There are well established techniques for testing deterioration of high voltage (HV) equipment, and specifically the insulators of that equipment. Such methods involve first disconnecting the equipment from the HV line. The purpose of disconnecting the equipment is to avoid the substantial danger to personnel and/or testing equipment that is connected to high power equipment. In practice, it has been very expensive to disconnect equipment for testing. In addition to the man-power required to disconnect the HV equipment, connect it to test equipment and perform the test, the service of the equipment is lost for whatever period of time it takes to disconnect, make the test and reconnect. If there are large numbers of transformers and circuit breakers, and other equipment to be tested, the shut-down can be lengthy and the loss of revenue to the power company very substantial.
Testing the condition of insulation in HV equipment is an essential task. The insulation which is most subject to deterioration is contained within the HV standoff insulator and includes oilpaper insulation and a metallic foil or, alternatively, a conductive coating on the paper wrapped in a roll around the HV conductor at the center of the insulator. The insulating oil which surrounds the transformer, or other HV device, within the grounded metallic casing extends into contact with and saturates the oilpaper to improve its insulation properties. Deterioration usually occurs in the paper or metal foil or coating. Age and temperature contribute to such deterioration, particularly hot spots which may ultimately burn the paper. The actual time of deterioration can vary considerably and, therefore many power companies adopt a schedule of offline testing. The standard testing for insulator deterioration is widely known as Power Factor or Tan/δ testing to determine when power factor of an insulator has reached a dangerous condition and the insulation should be replaced. Normal aging of HV equipment is a slow process that can take place over 30 to 40 years due to thermal, electrical and environmental effects. Premature failure on the other hand is often a relatively sudden process that is not anticipated by periodic off-line tests. Failure to detect insulation deterioration can result in disastrous consequences, ultimately causing heating of the equipment, fire and explosion. Heat may generate various hydrocarbon gases from the oil used in the transformer and some of these gases, such as acetylene, are highly flammable and may be explosive. Pressure builds up and gases are eventually ignited when fire occurs or heating becomes extremely severe so as to initiate a spontaneous combustion. The resulting explosion shatters porcelain insulators and sends pieces flying, damaging adjacent equipment. In a sub-station, or other areas where multiple sets of equipment are employed, an explosion not only results in loss of the exploded device, but also may result in damage to other very expensive equipment, as well as posing substantial danger to personnel working in the area, or even to passers-by in some locations.
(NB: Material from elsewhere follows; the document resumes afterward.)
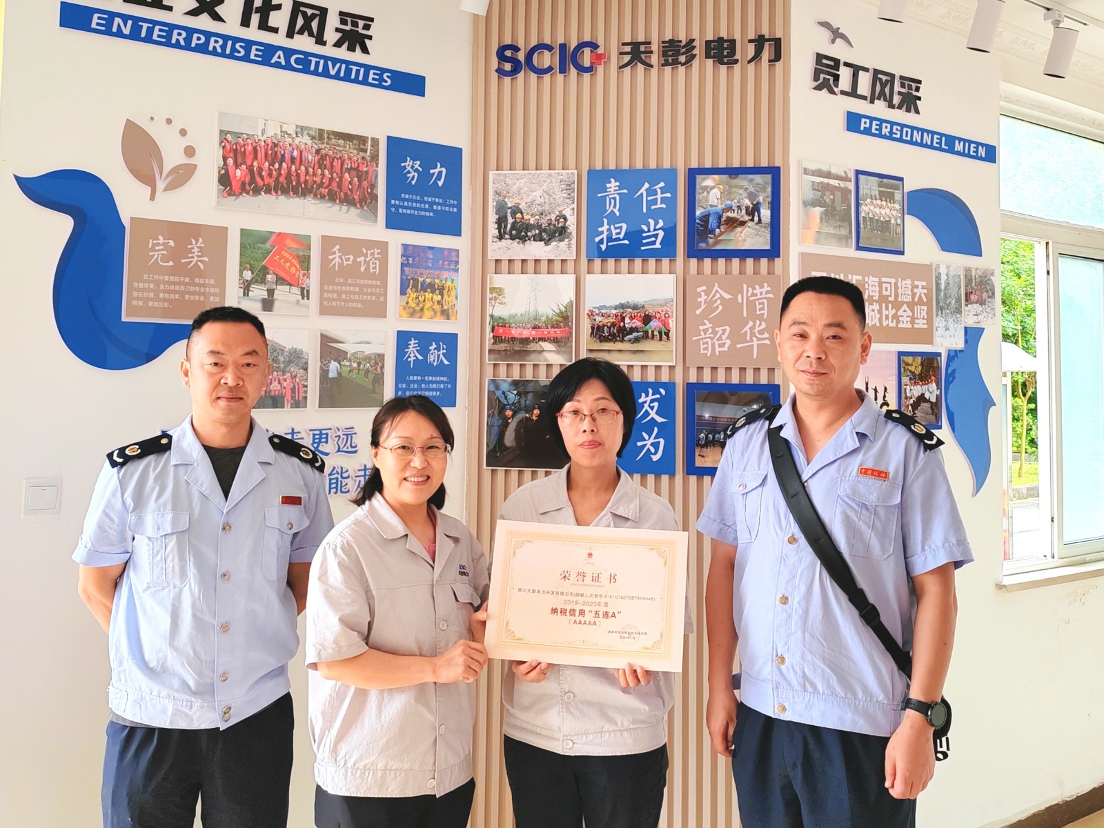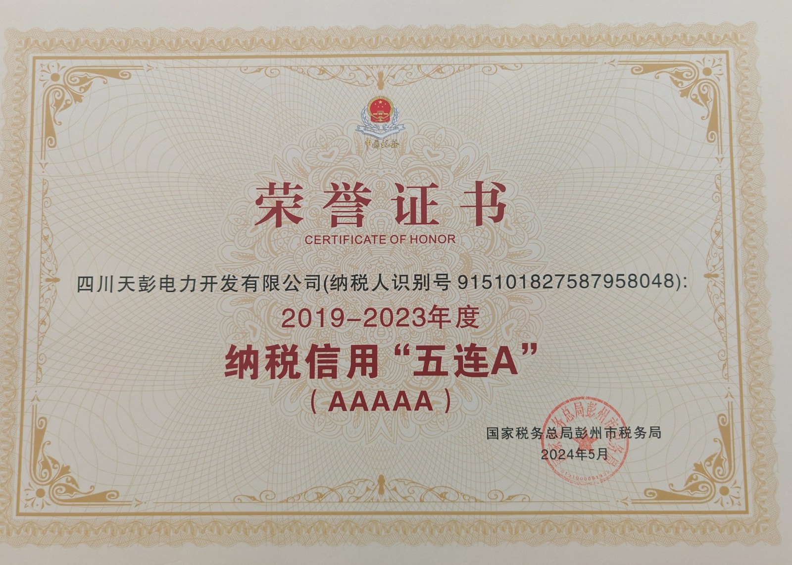 6月11日,710公海赌赌船官网欢迎您能源所属天彭电力公司喜获殊荣:国家税务总局彭州市税务局向我公司授予了“彭州市‘2019-2023年度纳税信用五连A’”荣誉证书,这是税务机关对我公司诚信纳税、守法经营的肯定和表彰。

The eventual breakdown of insulation is a rapid avalanche of failing dielectric layers. Damaged or deteriorated dielectric is associated with the following: 1) Increased dielectric losses (I2R) with other sources of heating may eventually fuel a mechanism of thermal runaway. PF is a measure of dielectric losses. 2) Partial discharges and treeing. High levels of partial discharge are reflected in the PF and are usually only present just after lightning or switching impulses and just before and during insulation failure. 3) Increased sensitivity to changes in temperature, humidity, and moisture (i.e., increased temperature coefficient). Sources of heating include dielectric losses, ambient temperature, and more significantly, load fluctuations. Most power companies are faced with the dilemma of taking equipment offline and testing it with consequent loss of revenue to the company, or, alternatively, leaving the equipment online without testing longer than it should be. The latter course allows damage to occur and take its toll. Therefore, there has existed for many years a need for a safe means of frequently periodically testing transformer and circuit-breaker bushing insulators without taking the equipment offline. The present invention is directed to such a means, which include a system and a process for testing the equipment and accumulating data about the condition of insulation without taking the equipment offline.